INFORMATION SUPPLIED:

- Opening Delimiter -

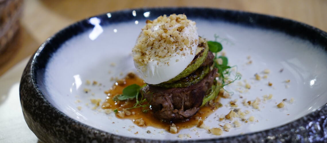 A medium rare-re sütött bélszín cukkini körettel és buggyantott tojással dió-köntösbe öltöztetve egy olyan étel, amit mindenki értékelni fog, azok is, akik elfogyasztják, és azok is, akik imádnak sütni-főzni.
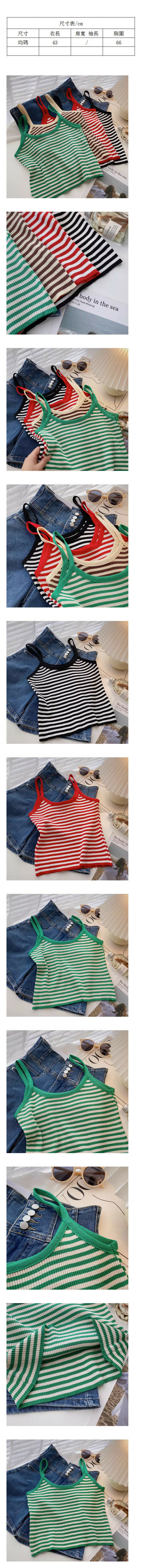 新款夏季拼色條紋針織背心(卡其色)【均碼】
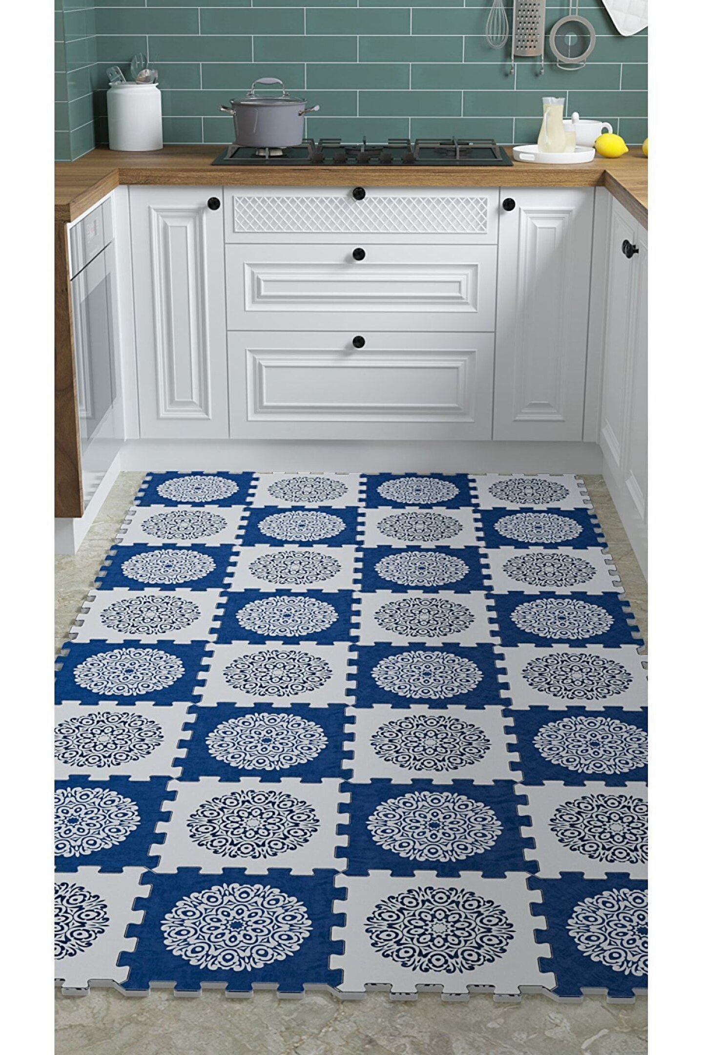 Tokyo Halı Mavi Beyaz Mutfak Halısı , Puzzle Halı, Yapboz Halı, Mavi Halı Thm11 | Yapboz Halı | Puzzle Halı
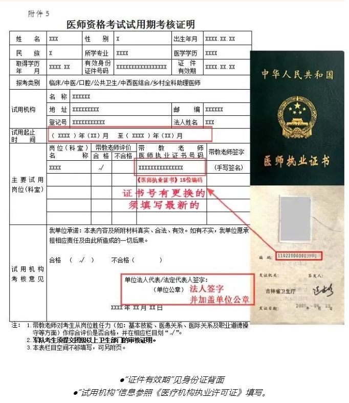 5、試用期合格證明:打印《醫(yī)師資格考試試用期考核證明》附件5(請登錄國家醫(yī)學(xué)考試網(wǎng)考生服務(wù)系統(tǒng)下載),須由試用單位法定代表人簽字并加蓋單位公章;

- Closing Delimiter -

GOAL OF THE EXERCISE: Your response must reproduce the listing above word for word and must contain none of its pictures.

RESPONSE BELOW:
 A medium rare-re sütött bélszín cukkini körettel és buggyantott tojással dió-köntösbe öltöztetve egy olyan étel, amit mindenki értékelni fog, azok is, akik elfogyasztják, és azok is, akik imádnak sütni-főzni.
 新款夏季拼色條紋針織背心(卡其色)【均碼】
 Tokyo Halı Mavi Beyaz Mutfak Halısı , Puzzle Halı, Yapboz Halı, Mavi Halı Thm11 | Yapboz Halı | Puzzle Halı
 5、試用期合格證明:打印《醫(yī)師資格考試試用期考核證明》附件5(請登錄國家醫(yī)學(xué)考試網(wǎng)考生服務(wù)系統(tǒng)下載),須由試用單位法定代表人簽字并加蓋單位公章;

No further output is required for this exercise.